Task to carry out: Your output should be the lines below from the one with "這兩張攝影作品非常容易理解,就是巧克力好" through the one with "次にメンバーズアプリを開き、", copied exactly, pictures excluded.

Dataset records:
=== Begin Enclosure ===
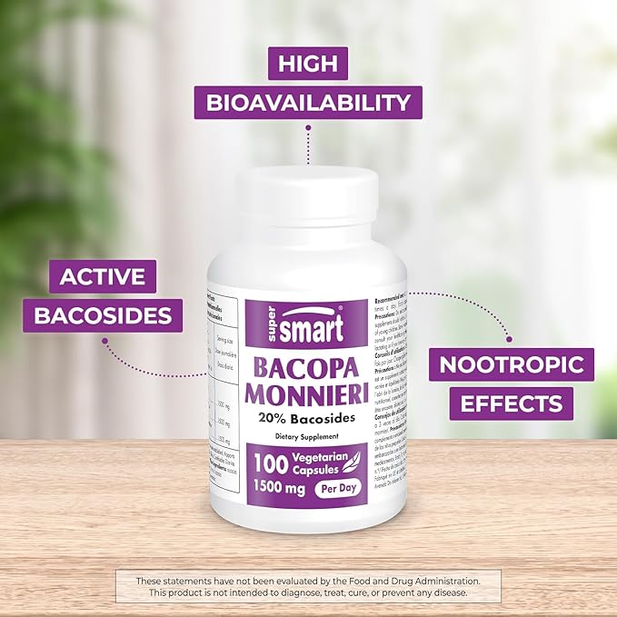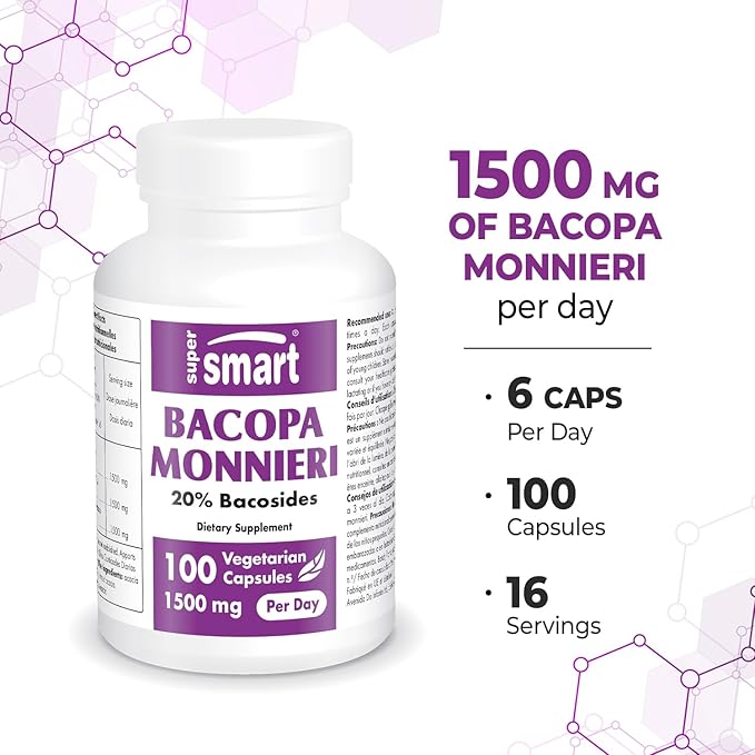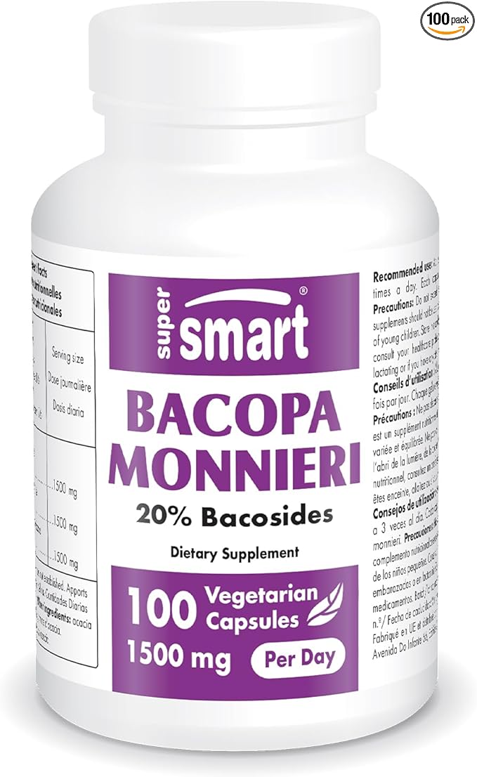 Supersmart - Bacopa Monnieri 1500 mg Per Day - Nootropic Supplement & Brain Boost - Help Improve Learning, Memory & Information Processing | Non-GMO & Gluten Free - 100 Vegetarian Capsules
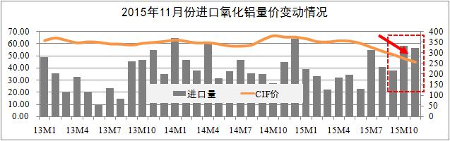 進口市場方面:統(tǒng)計期內,進口氧化鋁市場價格波動趨勢基與國內市場基本一致。進口量方面,10月全國進口氧化鋁58萬噸,11月進口56萬噸,較去年同期增長27%,環(huán)比有所回落;價格方面,11月CIF均價319美元,折合人民幣2040元/噸,環(huán)比下降5.1%。進口價格持續(xù)下跌折射出國際有色市場的悲觀氣氛仍在持續(xù),而內外價差將會轉化進口需求為國產需求。
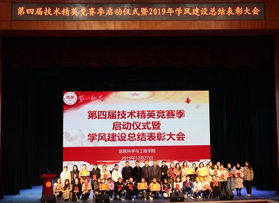 为全面贯彻落实教育部新时代全国高等学校本科教育工作会议精神,结合小学教育师范专业认证工作,进一步加强学院学风建设,以良好的学风推动教风、院风建设,教育引导广大同学勤奋学习、健康成才,信息科学与工程学院于2019年12月27日晚7点在田汉剧院举行第四届技术精英竞赛季启动仪式暨2019年学风建设表彰大会。学院党总支书记王杰文教授、副院长田祖伟教授、党总支副书记成夏炎博士、学工办主任关红儒老师、学工办叶晶老师、李荣敬老师应邀出席大会,学院2017—2019级全体在校学生共计880余人参加大会,会议由成夏炎主持。
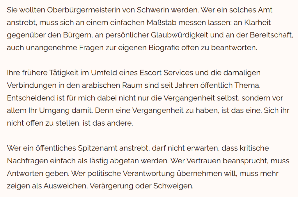 In der Schweriner AfD kracht es derzeit. Nach der Niederlage für OB-Kandidatin Petra Federau um den höchsten Posten im Stadthaus taucht jetzt ein offener Brief eines AfD-Mitglieds auf, der die Vorsitzende des Kreisverbandes mit harter Kritik konfrontiert. Federau reagiert kühl. (…) Unter Schweriner Politik-Insidern war die AfD-Kandidatin in der Stichwahl erwartet worden. Jetzt kam es anders, für viele überraschend. Im Nachgang zur Wahlschlappe zeigt sich nun allerdings auch öffentlich, dass nicht alle Mitglieder der eigenen Partei auch hinter ihrer Kandidatin standen. Was in den vergangenen Monaten noch hinter vorgehaltener Hand getuschelt wurde, wird jetzt öffentlich. Robert Zobel ist Mitglied des AfD-Kreisverbandes Schwerin, Autor und sachkundiger Bürger in Ausschüssen der Stadt. Er hat im Internet jetzt einen offenen Brief an Petra Federau veröffentlicht, der der Redaktion vorliegt. Mit scharfer Kritik an der Vorsitzenden des AfD-Kreisverbandes. Seine offiziellen Ämter in Stellvertreterpositionen wolle er abgeben. „Ich habe mich politisch nicht eingebracht, um zu schweigen, zu nicken und unbequeme Dinge für mich zu behalten, sondern weil ich davon ausging, dass politische Arbeit auch bedeutet, Fragen stellen zu dürfen. Gerade dann, wenn es um Glaubwürdigkeit, Aufrichtigkeit und Verantwortung geht“, schreibt er. Federaus Escort-Vergangenheit nicht aufgeklärt Konkret geht es um die Reaktionen Federaus im Vorfeld zur Wahl, als sie Medienanfragen zu ihrer Escort-Vergangenheit, als sie Frauen in arabische Länder vermittelt haben soll, nicht beantworten wollte. „Entscheidend ist für mich dabei nicht nur die Vergangenheit selbst, sondern vor allem Ihr Umgang damit. Denn eine Vergangenheit zu haben, ist das eine. Sich ihr nicht offen zu stellen, ist das andere“, schreibt Zobel an Federau in seinem Brief. Wer ein öffentliches Spitzenamt anstrebe, dürfe nicht erwarten, dass kritische Nachfragen einfach als lästig abgetan werden können
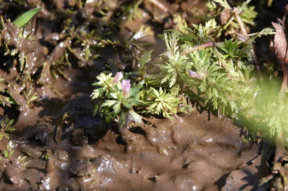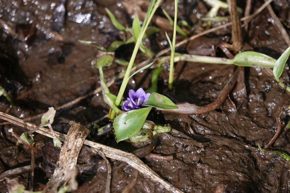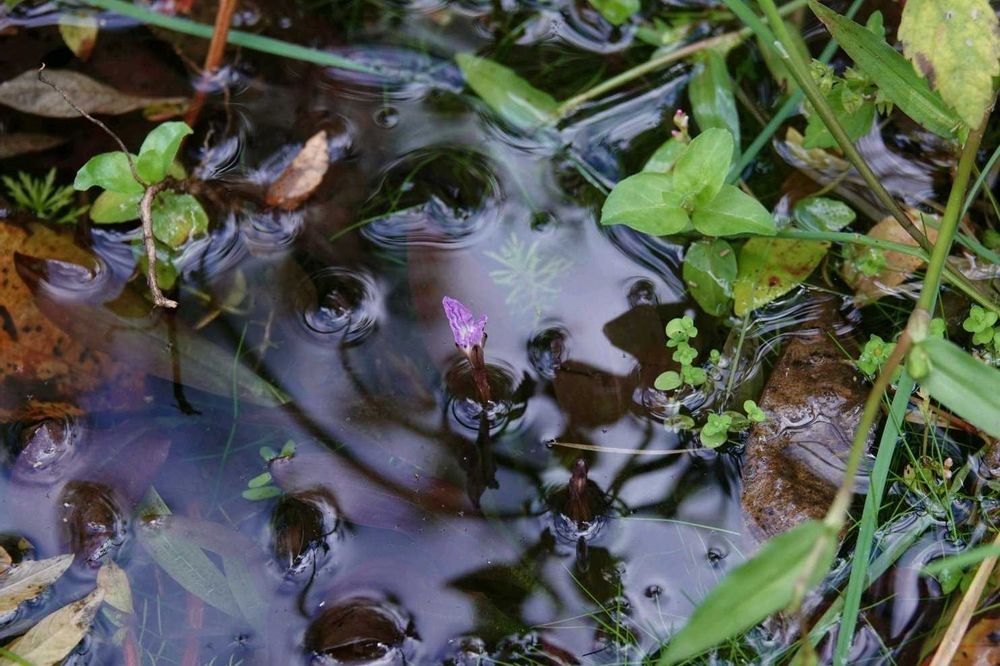 水田雑草 3種 1、2 ミズオオバコ(水大葉子) トチカガミ科ミズオオバコ属 沈水植物 在来種 絶滅危惧Ⅱ類 3 、4 キクモ(菊藻) オオバコ科シソクサ族 水中の葉は糸状に裂ける。水上葉の葉腋に紅紫色の唇型花をつける 5 コナギ(小水葱) ミズアオイ科ミズアオイ属 在来種 先日来た時には稲刈り込みの最中で、田んぼには近寄れず。 既に刈られた田んぼに再び出て来た水田雑草達。昔は嫌われ者でも、今は貴重な植物になりました。 ミズオオバコは田んぼには無く古民家の水鉢に一つだけ花を見せてくれました。
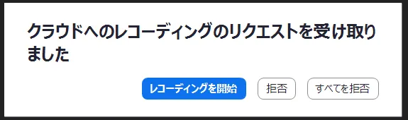 - クラウドレコーディングが行われていない状態で,「クラウドレコーディングを開始するようにホストにリクエストする」を押してリクエストを送信すると,ホストの画面に下の画像のようなダイアログが表示されます.ホストが「レコーディングを開始」を選択すると,クラウドレコーディングが開始されます.
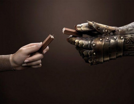 這兩張攝影作品非常容易理解,就是巧克力好吃到木乃伊願意和印第安那瓊斯分享,魔戒裡的戒魔願意和精靈公主分享…
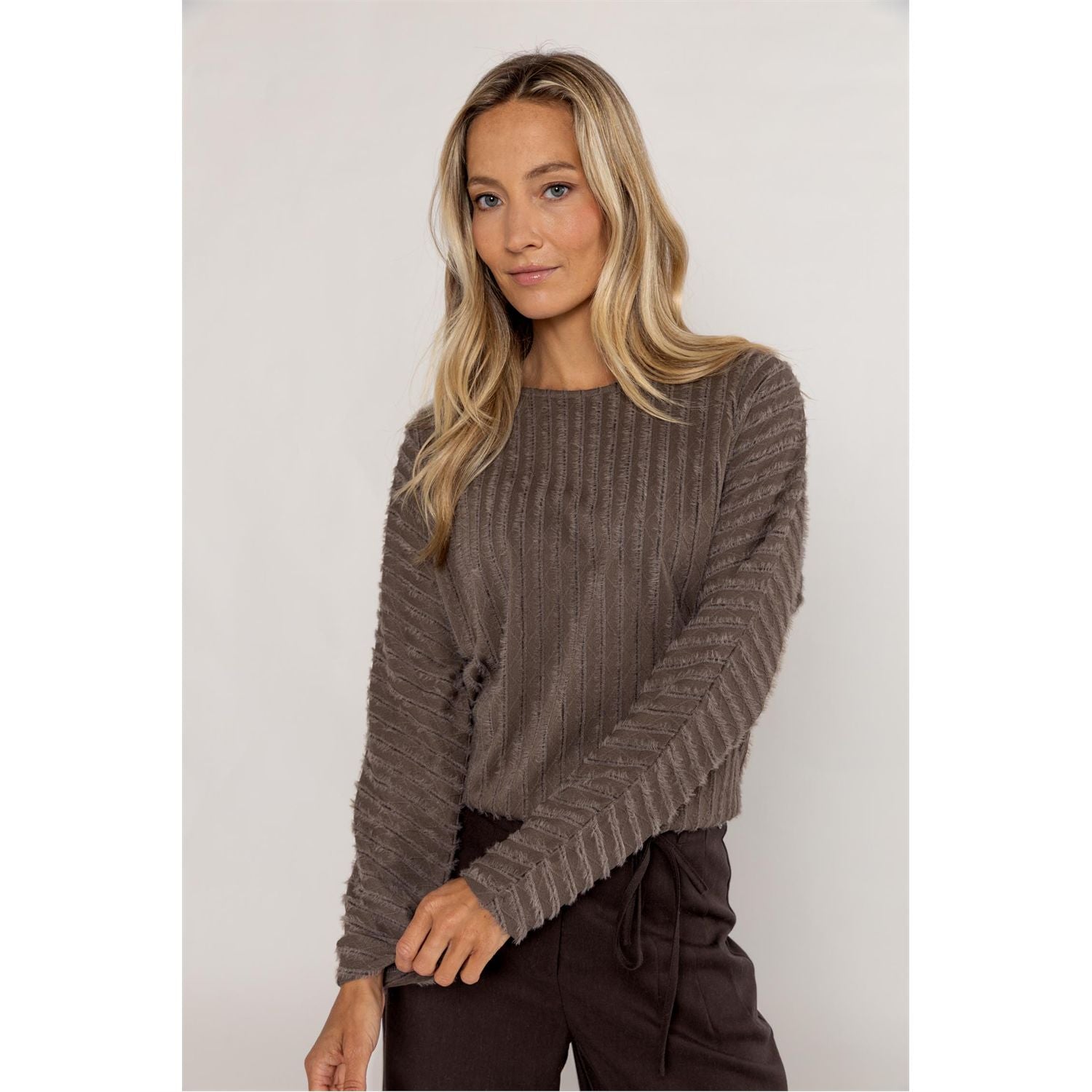 T-shirt met lange vleermuismouwen, en ronde hals. Gemaakt van zachte jersey met harig streeppatroon. Comfort en stijl in één – perfect voor een casual maar opvallende look.
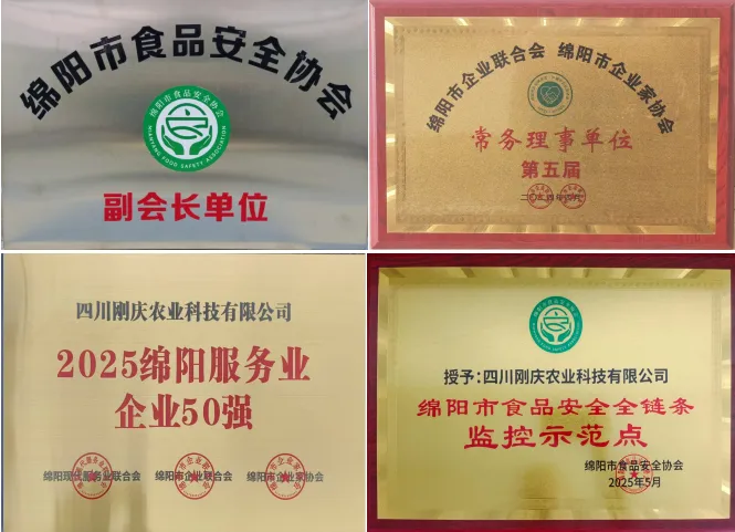 刚庆农业积极推行“公司+基地+农户”合作模式,持续开展品种培优与品质提升,大力发展绿色农业,以实际行动助力乡村振兴。作为绵阳市企业联合会常务理事单位,公司积极参与地方经济建设与行业交流,推动区域农业协同发展;同时作为绵阳市食品安全协会副会长单位,其在食品安全管理方面的专业实践深受认可。
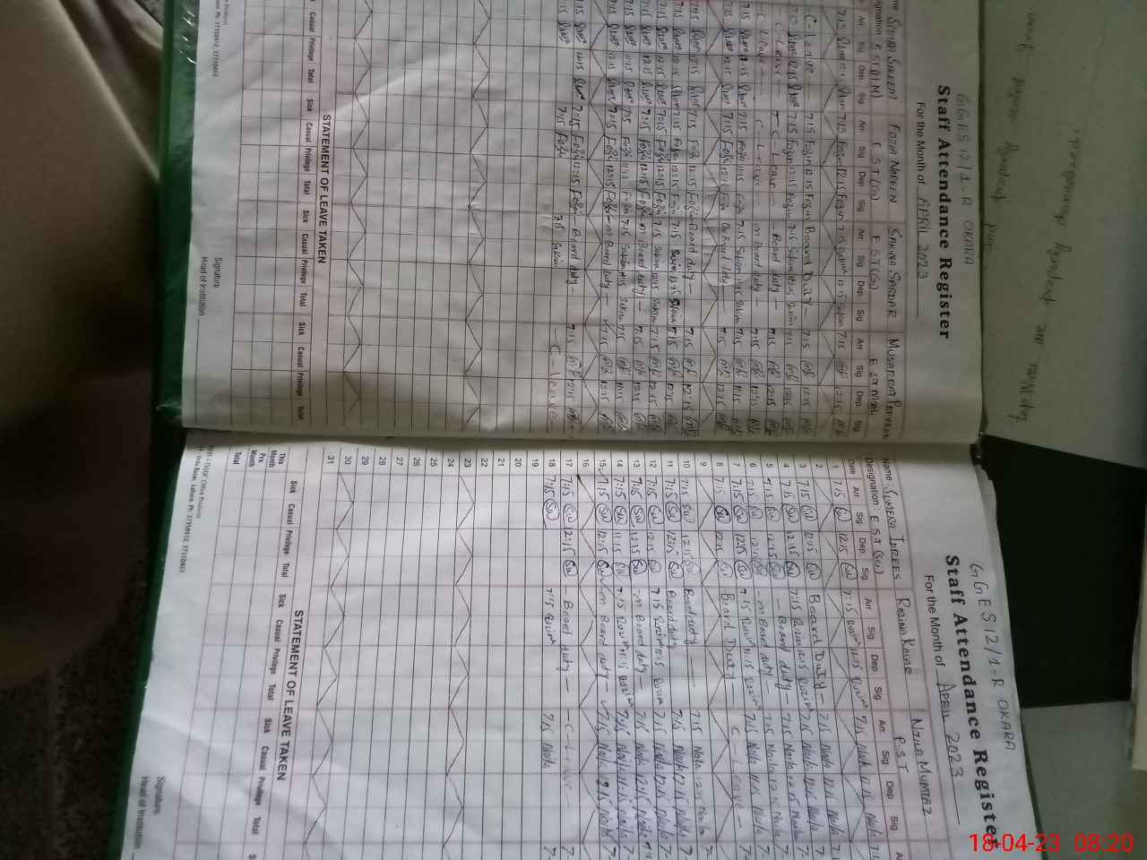 | Monitoring Date: 18-04-2023 | Start Time: 18-04-2023 08:18 AM | End Time: 18-04-2023 09:04 AM | Name of MEA: AB**** RE**** | |
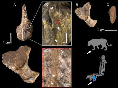 来自Einhornhö区的洞穴狮子遗迹。(一)。指骨III ID 46999448_1384和切痕放大×...
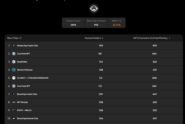 在Coniun網站上的藍籌指數,也有33.17%,意思是在OCM的持有人里,三分之一的人持有藍籌項目,根據其它藍籌的持有數量,排名前10的有有無聊猿、clone-x、NFTworld……還是非常強勁。
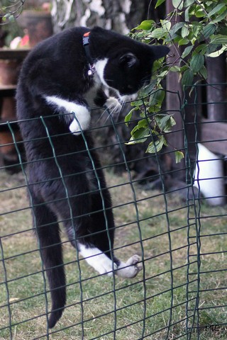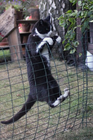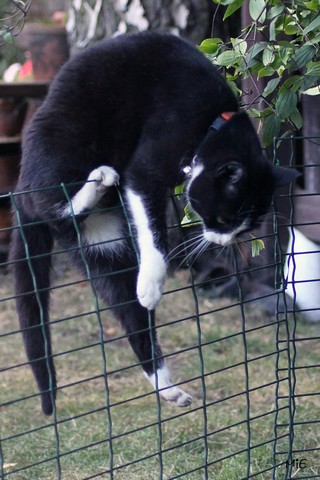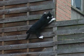 Cats can climb upwards, downwards and into or out of structures. They climb by utilising their claws which they can alternately extrude to grip onto the surface and then retract again to release their grip and move the limb higher or lower down the surface. Limb movements during climbing follow the same pattern as those used in walking, or occasionally may approximate a gallop (particularly seen when climbing tree trunks) (Beaver, 1992)
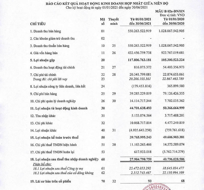 Theo Báo cáo tài chính bán niên soát sét của Quốc Cường Gia Lai, 6 tháng đầu năm, Quốc Cường Gia Lai đạt doanh thu thuần 550 tỷ đồng, giảm gần phân nửa so với cùng kỳ 2020. Lợi nhuận sau thuế đạt 28 tỷ đồng, giảm hơn 30%.
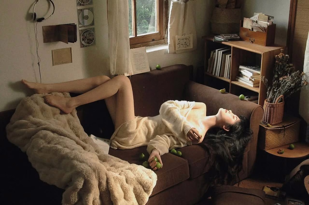 VGU No.86 captures a scene of profound tranquility and warmth In this inviting corner a young woman finds solace in a moment of pure relaxation Soft afternoon sunlight streams through the window casting a gentle glow that illuminates the room and creates a dreamy atmosphere She reclines comfortably on a plush sofa with an open book and a plate of vibrant green fruits adding fresh accents to the serene setting This image evokes a slow living lifestyle where individuals discover comfort in stillness and the simple beauty of everyday existence It serves as an invitation to create one's own peaceful sanctuary a space to rejuvenate and immerse oneself in authentic moments #Vietnamese #pretty #charm
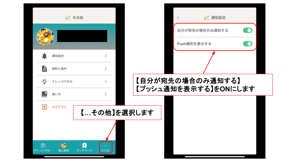次にメンバーズアプリを開き、下のメニューバーから【…その他】をタップして、【自分が宛先の場合のみ通知する】【プッシュ通知を表示する】をONにしたら完了です。
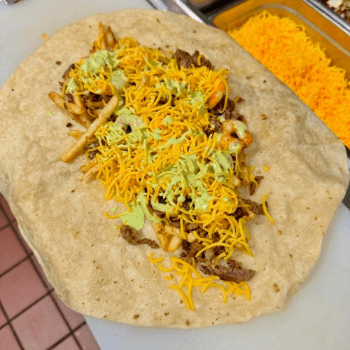 Carne asada, shrimp, fries, salsa fresca, cheese, baja sauce
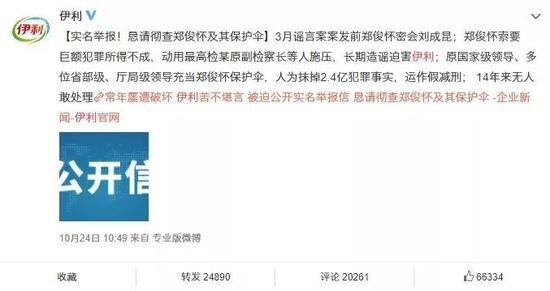 而伊利集团又在昨天的节点上,在其官网发表长篇举报信,指出事情的来龙去脉,将矛头直指前任董事长郑俊怀。
=== End Enclosure ===
Answer to the exercise:
 這兩張攝影作品非常容易理解,就是巧克力好吃到木乃伊願意和印第安那瓊斯分享,魔戒裡的戒魔願意和精靈公主分享…
 T-shirt met lange vleermuismouwen, en ronde hals. Gemaakt van zachte jersey met harig streeppatroon. Comfort en stijl in één – perfect voor een casual maar opvallende look.
 刚庆农业积极推行“公司+基地+农户”合作模式,持续开展品种培优与品质提升,大力发展绿色农业,以实际行动助力乡村振兴。作为绵阳市企业联合会常务理事单位,公司积极参与地方经济建设与行业交流,推动区域农业协同发展;同时作为绵阳市食品安全协会副会长单位,其在食品安全管理方面的专业实践深受认可。
 | Monitoring Date: 18-04-2023 | Start Time: 18-04-2023 08:18 AM | End Time: 18-04-2023 09:04 AM | Name of MEA: AB**** RE**** | |
 来自Einhornhö区的洞穴狮子遗迹。(一)。指骨III ID 46999448_1384和切痕放大×...
 在Coniun網站上的藍籌指數,也有33.17%,意思是在OCM的持有人里,三分之一的人持有藍籌項目,根據其它藍籌的持有數量,排名前10的有有無聊猿、clone-x、NFTworld……還是非常強勁。
 Cats can climb upwards, downwards and into or out of structures. They climb by utilising their claws which they can alternately extrude to grip onto the surface and then retract again to release their grip and move the limb higher or lower down the surface. Limb movements during climbing follow the same pattern as those used in walking, or occasionally may approximate a gallop (particularly seen when climbing tree trunks) (Beaver, 1992)
 Theo Báo cáo tài chính bán niên soát sét của Quốc Cường Gia Lai, 6 tháng đầu năm, Quốc Cường Gia Lai đạt doanh thu thuần 550 tỷ đồng, giảm gần phân nửa so với cùng kỳ 2020. Lợi nhuận sau thuế đạt 28 tỷ đồng, giảm hơn 30%.
 VGU No.86 captures a scene of profound tranquility and warmth In this inviting corner a young woman finds solace in a moment of pure relaxation Soft afternoon sunlight streams through the window casting a gentle glow that illuminates the room and creates a dreamy atmosphere She reclines comfortably on a plush sofa with an open book and a plate of vibrant green fruits adding fresh accents to the serene setting This image evokes a slow living lifestyle where individuals discover comfort in stillness and the simple beauty of everyday existence It serves as an invitation to create one's own peaceful sanctuary a space to rejuvenate and immerse oneself in authentic moments #Vietnamese #pretty #charm
次にメンバーズアプリを開き、下のメニューバーから【…その他】をタップして、【自分が宛先の場合のみ通知する】【プッシュ通知を表示する】をONにしたら完了です。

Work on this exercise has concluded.